Ravn credits artist Lea Guldditte Hestelund for inspiring the objects that the crew interacts with. The objects were modeled after sculptures included in the Danish artist's exhibition titled Consumed Future Spewed Up as Present, which was displayed at Copenhagen's Overgaden art institute. Ravn decided to write the book after Hestelund reached out to her requesting a written accompaniment for her upcoming art show. Ravn shared that while working with Hestelund she drew inspiration from other sources as well: the futuristic setting in space was inspired by clips from NASA which Ravn had recently viewed, and the commentary on the workplace emanated from Ravn's own dissatisfaction with her office job. A copy of the book, bound in leather, was eventually included at the Overgaden exhibition.

Additionally, Ravn notes how American science fiction writer Ursula K. Le Guin inspired the episodic and intermittent structure of the book as well as some of its themes, namely the frequent occurrence of egg-like objects throughout the book. Also notable is Ravn's inclusion of a paraphrasing of the quote by Barbara Kruger: "It's a small world, but not if you have to clean it."

==Reception==
===Critical reception===
The Employees was positively reviewed by critics, many of whom praised the novel for its investigation into what it means to be human. Critics also appreciated the novel's critique of the modern workplace and reflections on transhumanism.

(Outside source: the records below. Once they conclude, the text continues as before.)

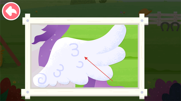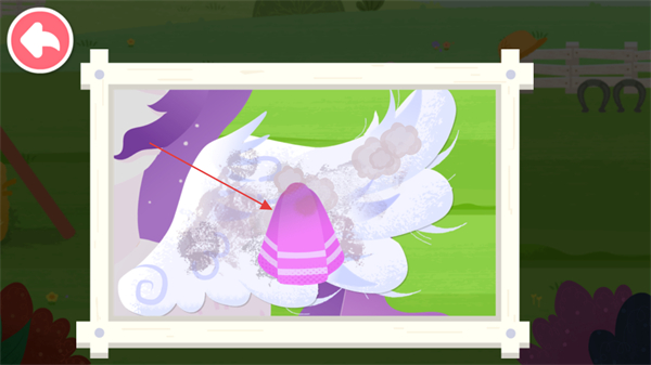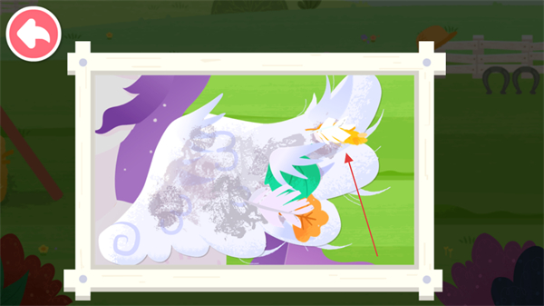 1、進入小馬繪畫修復(fù)關(guān)卡,觀察帶有污漬的小馬翅膀畫作,找到需要修復(fù)的部位。
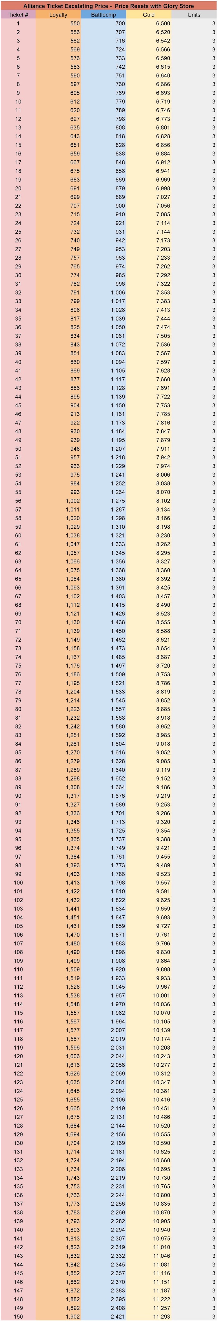 Note: The cost mentioned below in the table is based on each week’s ticket purchase from the Glory Store. The price of the ticket increase every next ticket when bought using Gold, BC or Loyalty (not applicable when bought using units)
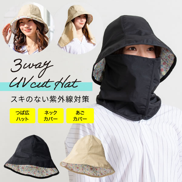 3WAY便利ハット 紫外線対策 紫外線カット UVカット 日焼け対策 紫外線 日焼け 防止 つば広 ネックカバー アウトドア 海 ...
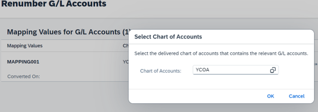 Convert the values for G/L accounts in the system based on the mappings defined in the “Define Mapping Values for G/L Accounts” configuration step during a system downtime.
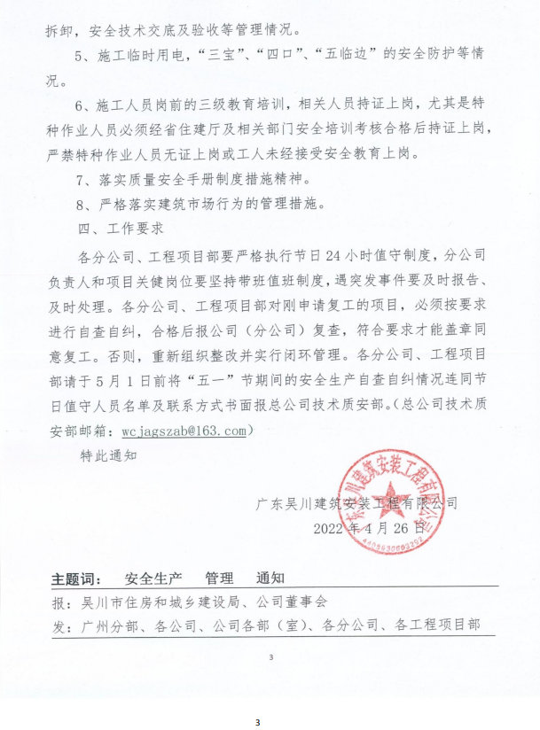 關于切實做好“五一”國際勞動節(jié)期間安全生產(chǎn)管理工作的通知
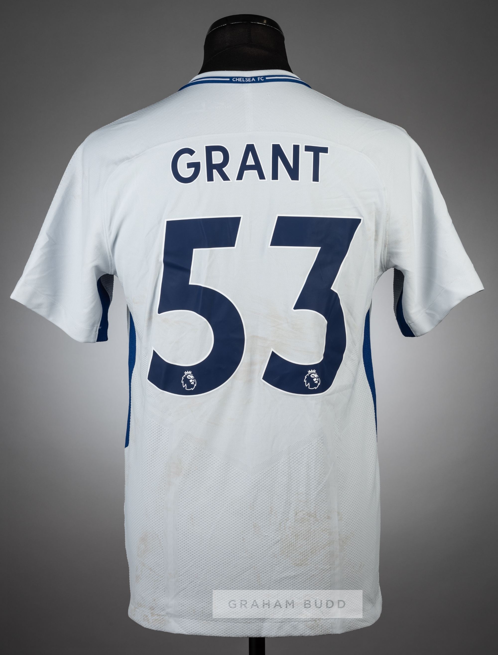 Two Chelsea FC jersey's, season's 2006-07 and 2017-18, comprising Josh Grant pale white and navy Chelsea no.53 away jersey, season 2017-18, Nike, sh
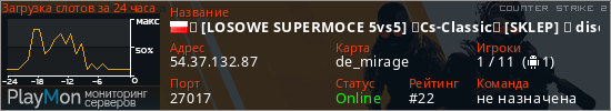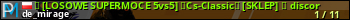 ★ [LOSOWE SUPERMOCE 5vs5] ★Cs-Classic★ [SKLEP] ★ discor представлен в виде сервера кс 2. Из всех имеющихся на сайте модификаций игровых серверов, наша система поставила метку Classic сервера cs2. В нашем мониторинге игровых серверов вы так же можете найти где поиграть на 5vs5 сервере кс 2.
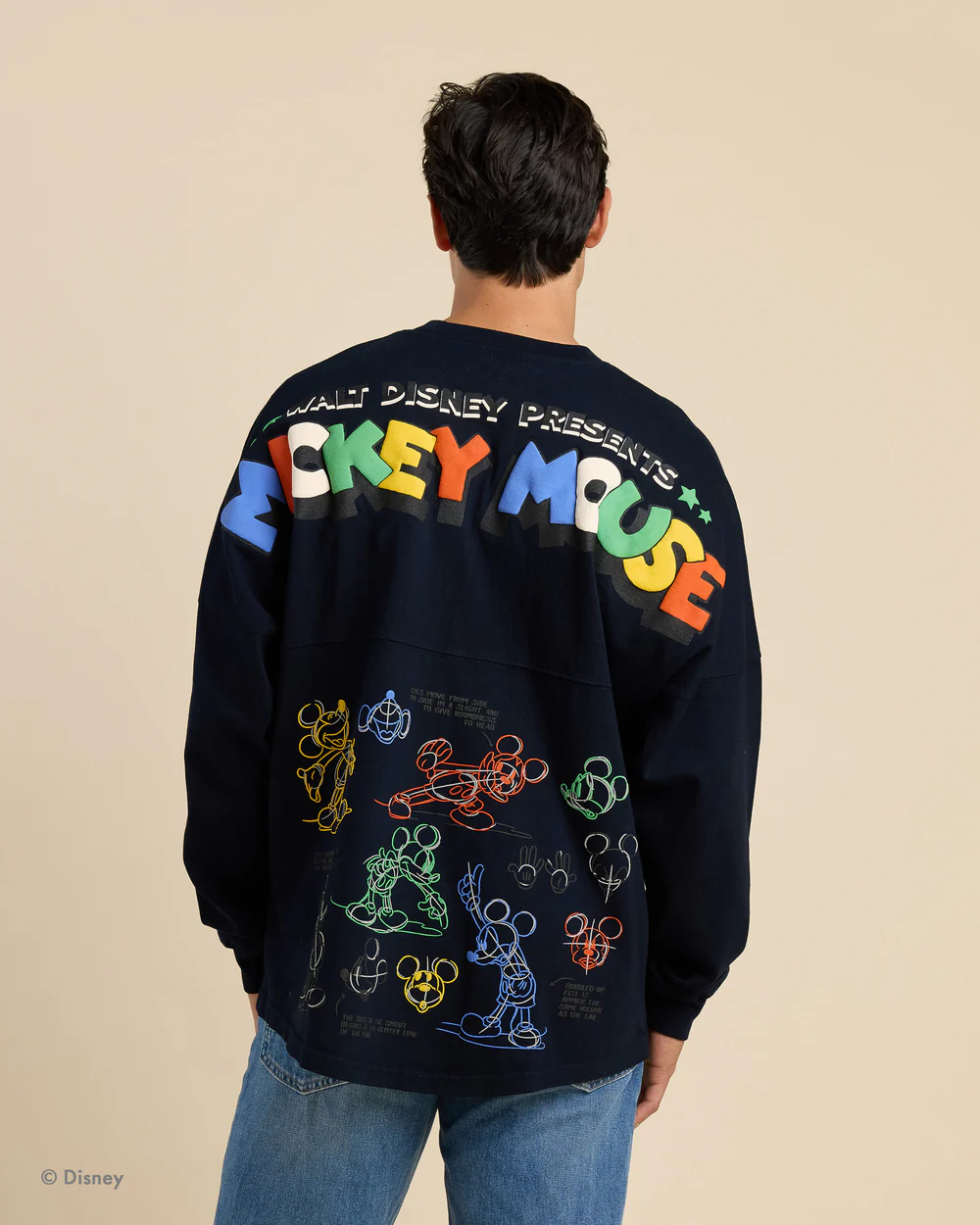 A classic Spirit Jersey featuring the sketch art that represents the moment animation shifted from simple movement to real personality. A creative leap that became a blueprint for character-driven storytelling. This Spirit Jersey features screen-printed artwork with puff paint details. Trademarked garment design with dropped shoulders, long cuffed sleeves, banded neckline, and a curved hem. Flag label at side. $89.99
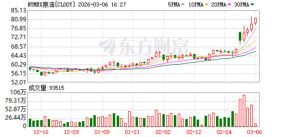随着围绕伊朗的冲突持续升级并对中东以外地区产生外溢影响,隔夜美股市场剧烈动荡,道指盘中一度暴跌超1100点,国际油价大幅飙升,WTI原油期货4月合约收涨超8%,创下自2020年5月以来最大单日涨幅。

Justine Jordan of The Guardian summarized the thoughts of many critics, calling The Employees a "an audacious satire of corporate language and the late-capitalist workplace, and a winningly abstracted investigation into what it means to be human."

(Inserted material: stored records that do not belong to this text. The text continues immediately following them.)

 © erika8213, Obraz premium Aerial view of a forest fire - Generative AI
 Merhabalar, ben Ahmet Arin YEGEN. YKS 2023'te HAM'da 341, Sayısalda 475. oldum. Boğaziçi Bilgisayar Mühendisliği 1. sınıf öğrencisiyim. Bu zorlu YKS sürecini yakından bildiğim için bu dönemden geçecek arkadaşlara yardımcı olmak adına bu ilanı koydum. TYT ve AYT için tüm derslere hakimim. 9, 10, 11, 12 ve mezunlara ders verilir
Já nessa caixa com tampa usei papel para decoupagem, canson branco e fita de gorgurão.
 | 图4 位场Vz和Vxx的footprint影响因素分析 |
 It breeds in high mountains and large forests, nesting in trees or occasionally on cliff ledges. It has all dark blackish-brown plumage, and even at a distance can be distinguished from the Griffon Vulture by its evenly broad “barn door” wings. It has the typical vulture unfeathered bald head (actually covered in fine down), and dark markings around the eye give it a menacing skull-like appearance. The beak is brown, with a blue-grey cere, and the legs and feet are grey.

The Employees drew comparison from critics to many popular science fiction stories. Brian Dillion of 4Columns compares the "near-humanoid slaves" of The Employees to the replicants in the 1982 film Blade Runner. Justine Jordan of The Guardian compares the strange objects on the ship to the trope of alien artifacts in science fiction, such as the ship from Arrival and the monoliths from 2001: A Space Odyssey.

===Accolades===
The Employees was shortlisted for the 2021 International Booker Prize. Judges called it a "beautiful and moving novel," and praised it for its experimental structure and exploration of human nature and happiness.